According to an article published in the Mayo Proceedings, 54 percent of physicians show signs of burnout. But after four years of undergrad, four years of medical school, and a multi-year residency — not to mention the cost of those degrees — I don’t intend to let exhaustion derail my career. My time off is my time, and because I have the opportunity to recharge and reset, I’m able to be fully present in my personal life and a better physician in the hospital.
As medical schools are now incorporating the importance of wellness, self-care, and mental health into the curriculum, medical students interested in women’s health and surgery should consider OB/GYN hospitalist jobs as a potential career path. Medical students who falls in love with delivering babies or performing laparoscopy shouldn’t hesitate about pursuing a career in OB/GYN because of some of the traditional negative assumptions about what that lifestyle entails.
I am amazed at how much I am learning on the job every time I am on shift. It’s extremely gratifying when I have the opportunity to teach a fellow hospitalist or nurse who has been practicing much longer than I have something new. I really embrace the motto of being a “lifelong learner” closely and this should start early in medical training. One of the job descriptions of an OB/GYN hospitalist is being a leader in quality improvement. This includes running emergency simulations, improving team communication, and making systems changes from what we learn.

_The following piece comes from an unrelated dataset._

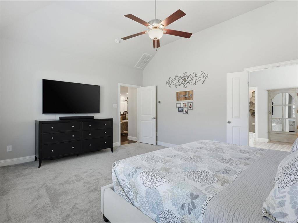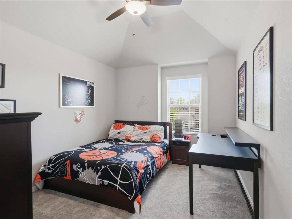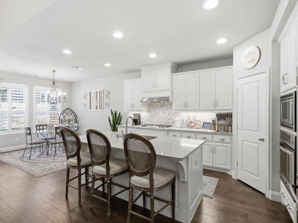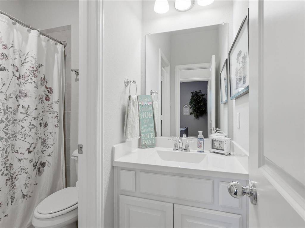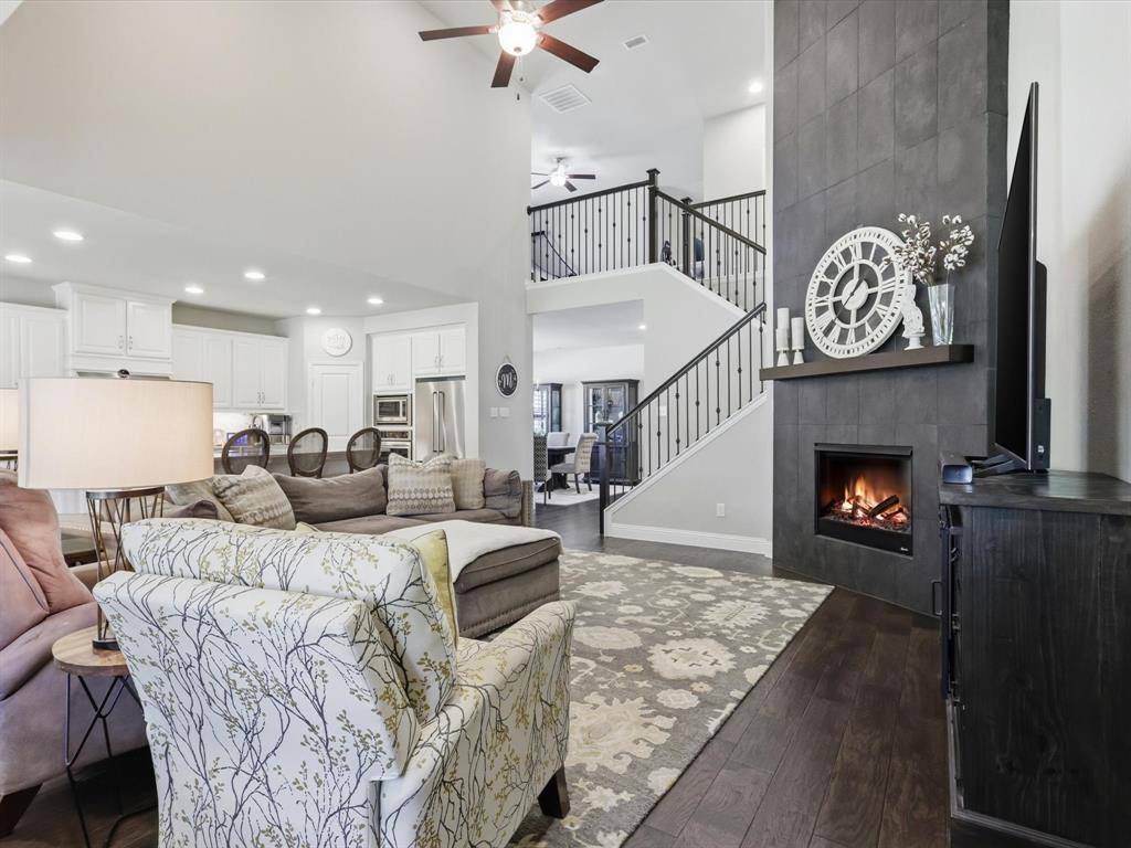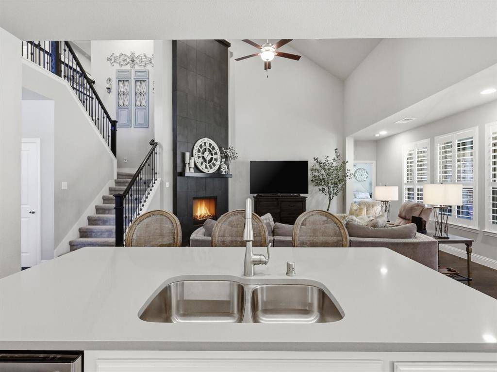 Beautiful and pristine Highland home on an oversized corner lot! The spacious living room features soaring ceilings, a statement fireplace, and a wall of windows that fill the space with natural light while overlooking the private backyard—creating an ideal setting for both everyday living and entertaining. The chef's kitchen is open to the living area and offers quartz countertops, a large island with seating, stainless steel appliances including a gas range, and a bright breakfast nook. Wood flooring flows through the main living areas, complemented by plantation shutters throughout for a timeless look - and enjoy new carpet installed 2025. The private primary suite is tucked away downstairs and includes an en suite bath - dual vanities, a walk-in shower, soaking tub, and an oversized walk-in closet with direct access to the laundry room. The laundry room is generously sized with abundant cabinetry, counter space, and a farmhouse sink. Additional downstairs features include a formal dining room, private study, powder bath, and a guest bedroom with a full bath. Upstairs offers exceptional flexibility with three spacious bedrooms—all with walk-in closets—along with two full baths, a large game room, dedicated media room, and an oversized flex space perfect for a second office, playroom, workout room, or hobby space. Step outside to your private backyard with a covered patio and plenty of grassy space, ready for outdoor entertaining and everyday enjoyment. 3 car tandem garage has nice epoxy flooring and elevated shelves for storage. A beautifully maintained home with space, flexibility, and thoughtful details throughout. Community amenities include pool and playground. Easy access to 75, 380; close to Baylor Scott & White Hospital as well as all the shopping, dining and entertainment McKinney has to offer!

As a medical student, I remember thinking that the OB/GYN field was the most unique because we get to take care of a special subset of patients — pregnant women — who actually want to see their doctor and be in the hospital. When I first considered becoming an OB, I envisioned triaging patients, managing labor, delivering babies, handling real-time emergencies, and saving lives. It’s still an “oh wow” moment for me when I deliver a baby, and see that baby take their first breath outside of the womb. And like an attending physician would say to me in residency, while it might just be an ordinary day for me, it’s a privilege to be part of an extraordinary day for our patients.
My choice to become an OB hospitalist has allowed me to go further — today I help drive positive change for women’s health without sacrificing my own wellness. I’m glad I chose to make that happen at the beginning of my career — not the end.